Unfortunately, this only brought a slight improvement, but since I had already implemented the Huber loss function, I kept it.
Double Q-Learning
I also compared Q-Learning with Double Q-Learning.
Because the future maximum approximated action value in Q-learning is evaluated using the same Q function as in current action selection policy, in noisy environments Q-learning can sometimes overestimate the action values, slowing the learning. A variant called Double Q-learning was proposed to correct this. (source: https://en.wikipedia.org/wiki/Q-learning)
Double Q-learning has mainly made the result more stable.
Tuning Hyper-Parameters
Many different parameters could be tried out.
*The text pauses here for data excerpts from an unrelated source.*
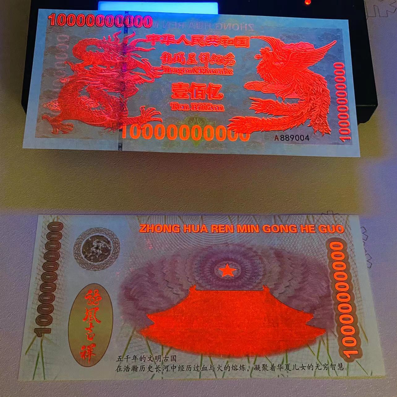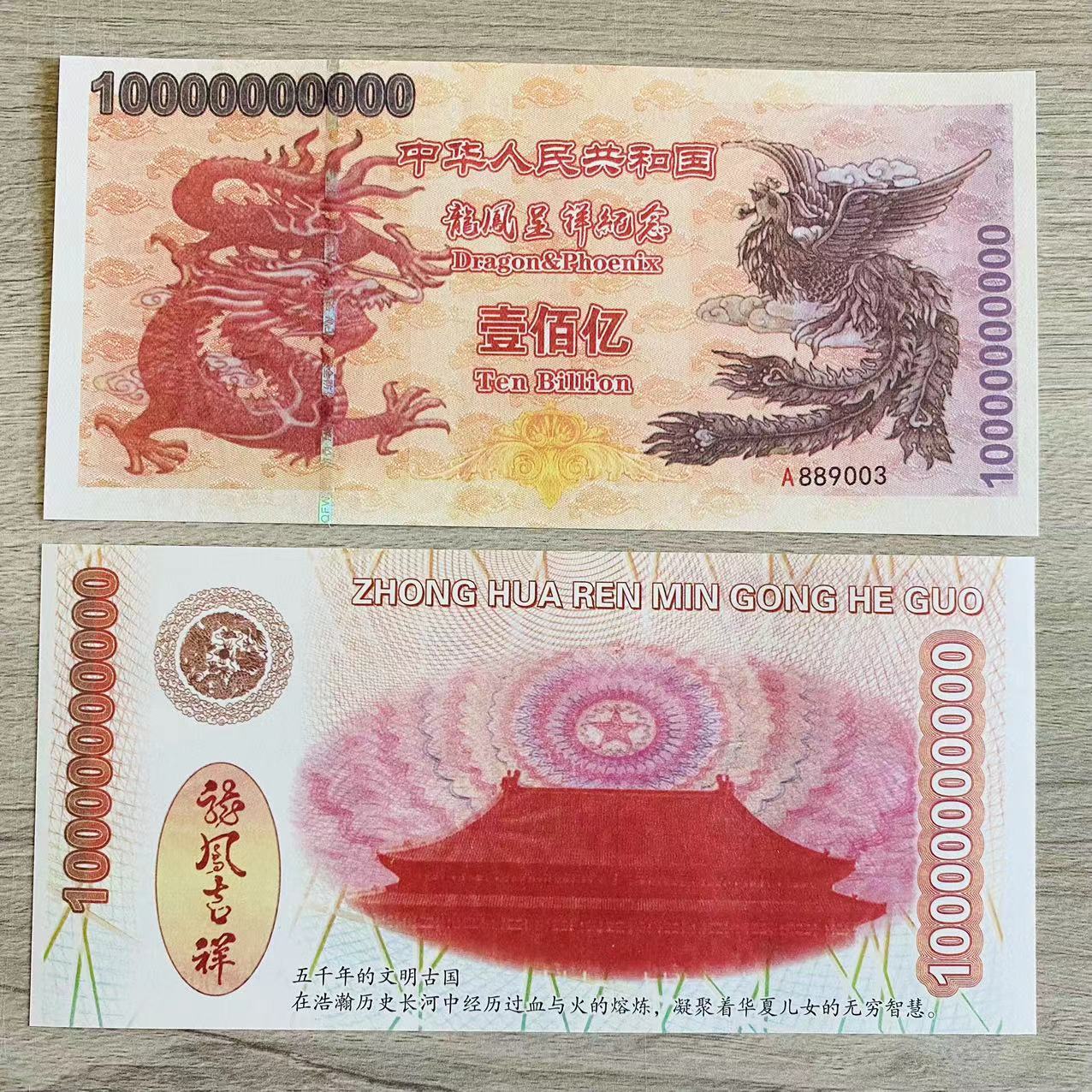 Банкнота Пам'ятна Флуоресцентна Дракон і Фенікс Ten Billion UNC, колекційна.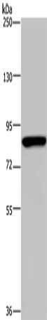 Gel: 6%SDS-PAGE, Lysate: 40 μg, Lane: Hela cells, Primary antibody: CSB-PA232889(PARP8 Antibody) at dilution 1/200, Secondary antibody: Goat anti rabbit IgG at 1/8000 dilution, Exposure time: 3 minutes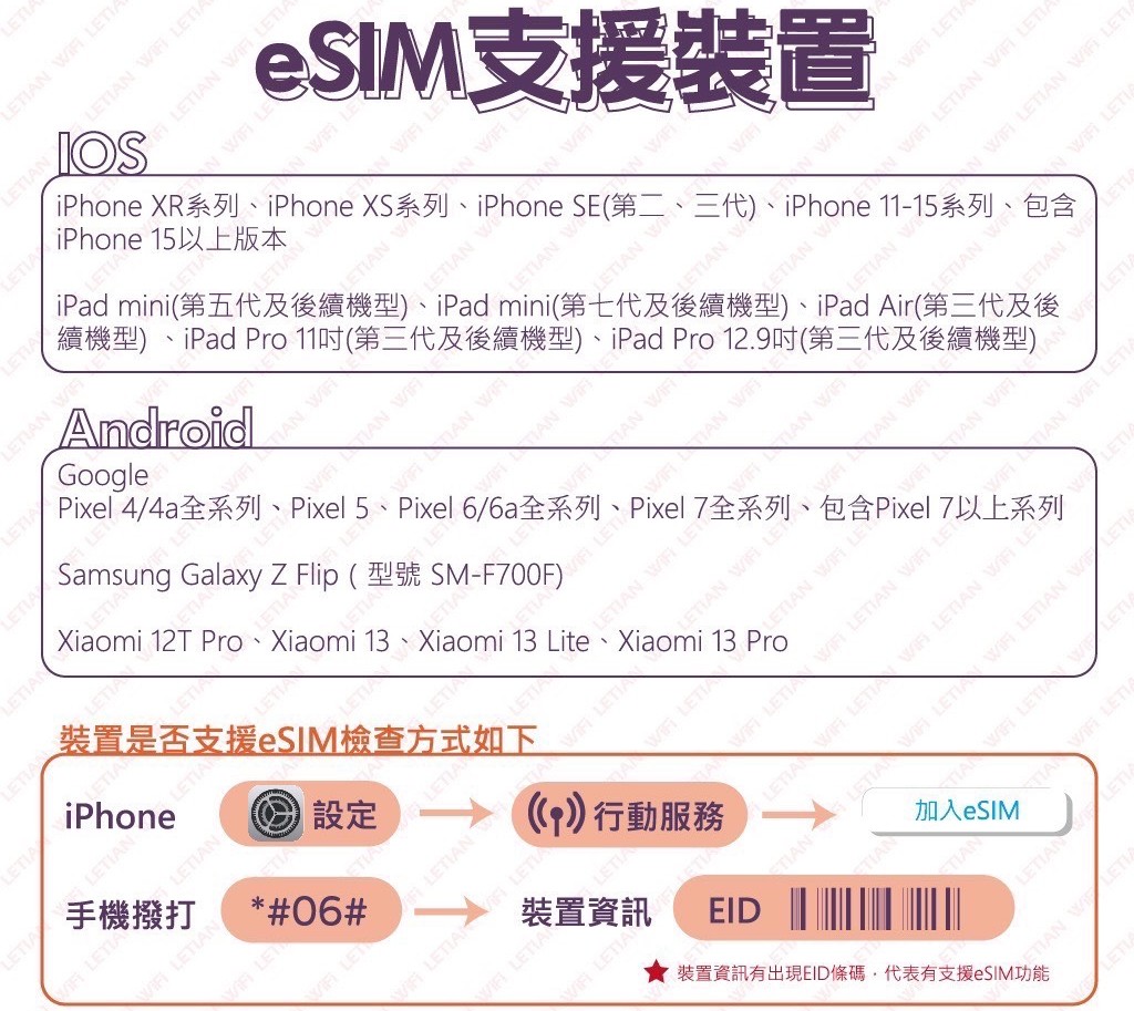 注意:鎖卡機、電信商自營品牌手機、3G手機、改裝機、中港澳出廠之手機不可使用,如不確定可聯繫業務詢問,eSIM訂單一經確認並傳送至Email後不可取消亦不可退款。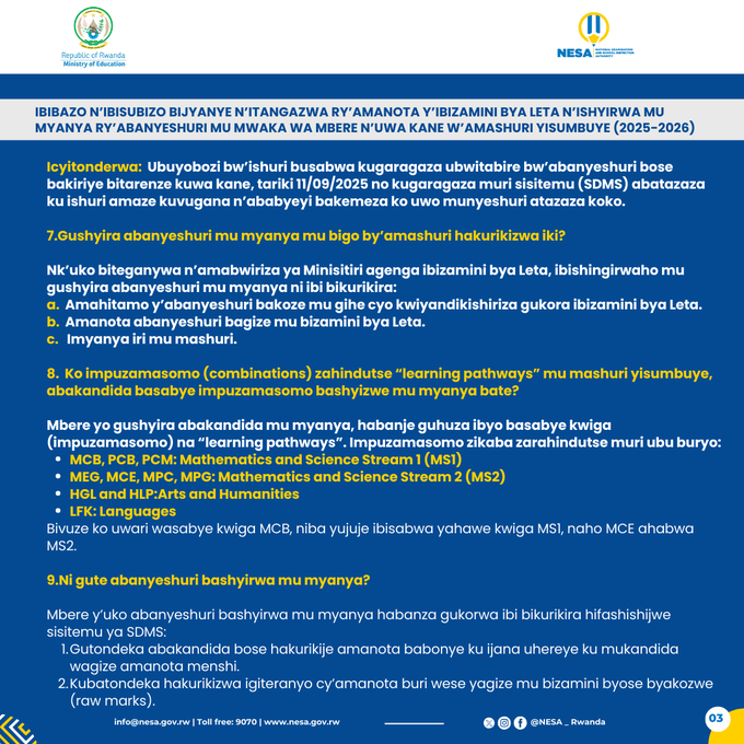 -Ko”combinations”zahindutse“learning pathways”mu mashuri yisumbuye, abakandida basabye “combinations” bashyizwe mu myanya bate? -Amanota abakandida babonye mu bizamini bya leta abarwa ate?
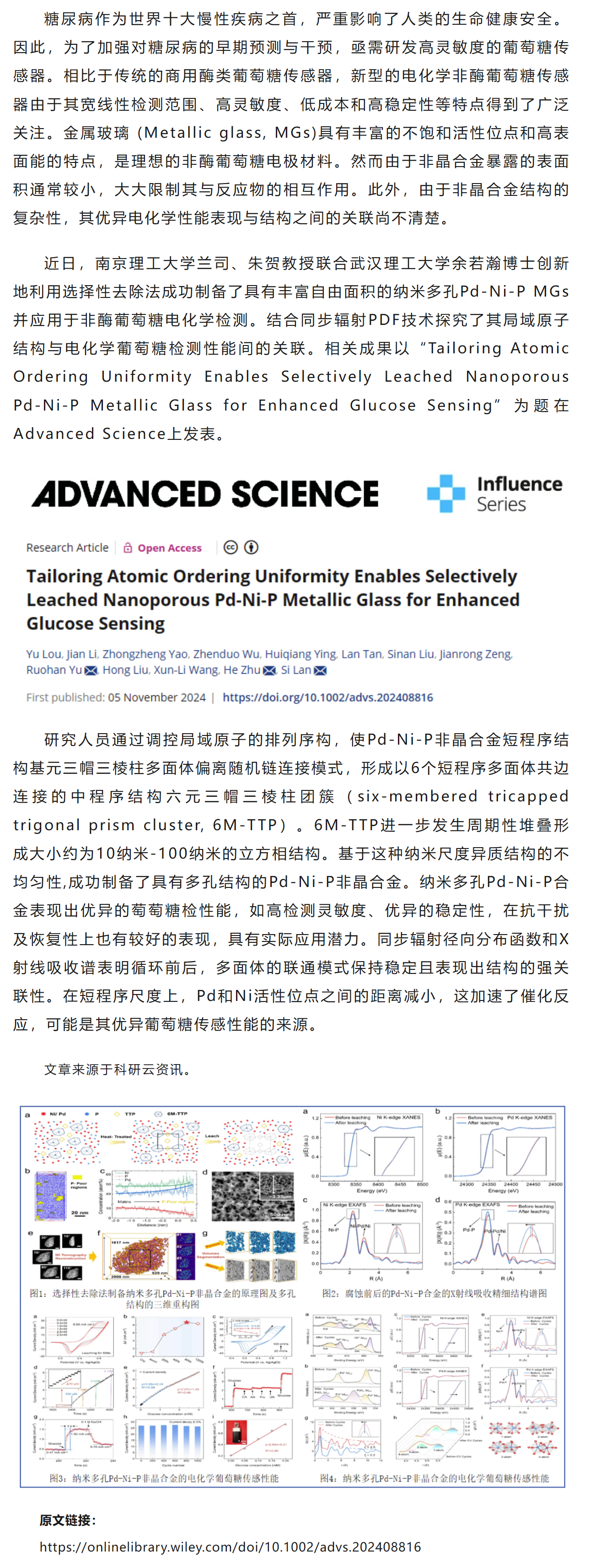 南京理工大学Adv. Sci.:通过调控原子有序结构实现纳米多孔Pd-Ni-P金属玻璃的制备以提高葡萄糖传感性能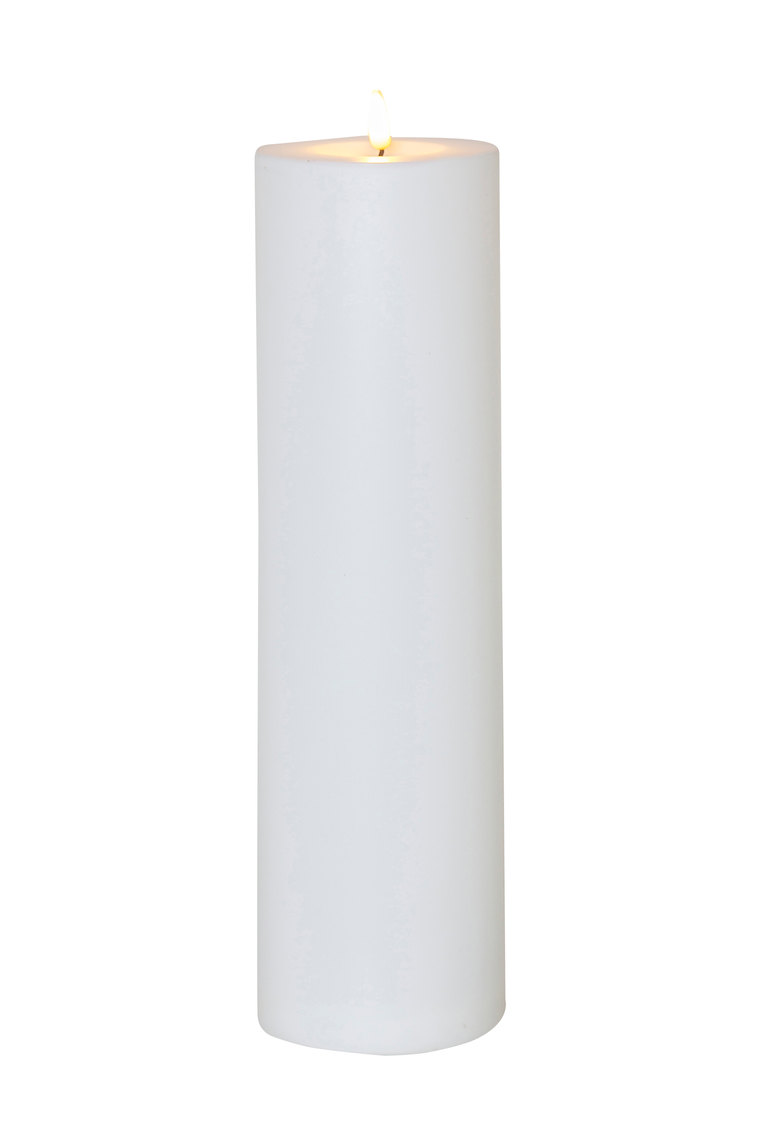 Flamme rak är ett vitt ljus i plast med vår naturtrogna flamme låga. Detta ljus passar lika bra inomhus som utomhus, i en lykta eller i grupp med andra uteljus från flamme familjen. Detta elektriska ljus går att använda både med ljussensor och med timer. Önskar man sensor så sätts brytaren på on läget, ljuset lyser då upp när mörkret faller. Sätter man brytaren på timer i stället så lyser ljuset i 6 timmar, sedan slocknar den i 18 timmar och lyser upp nästkommande dag igen.

However, the most influential ones are:
- Buffer size
- Gamma
- Learning rate
- Epsilon Decay
I have therefore limited myself to these parameters. First, I performed tests with the individual parameters to make sure that they have the expected influence and also to get a feeling for them.
Different Buffer Size:
Different Gamma:
Different Learning Rate:
Epsilon Decay:
After this exploration I wanted to run sweeps, but didn’t have enough time. It is likely that the performance could be optimized even further. Additionally, other hyperparameters such as the batch size should also be examined.
Stability
DQN achieves good results relatively quickly, but one problem is stability. After the game is won for the first time, the algorithm has strong fluctuations. So far, it has not been found out what exactly causes this. Some modifications like the adjustment of the loss function have reduced these fluctuations, but they are still strong.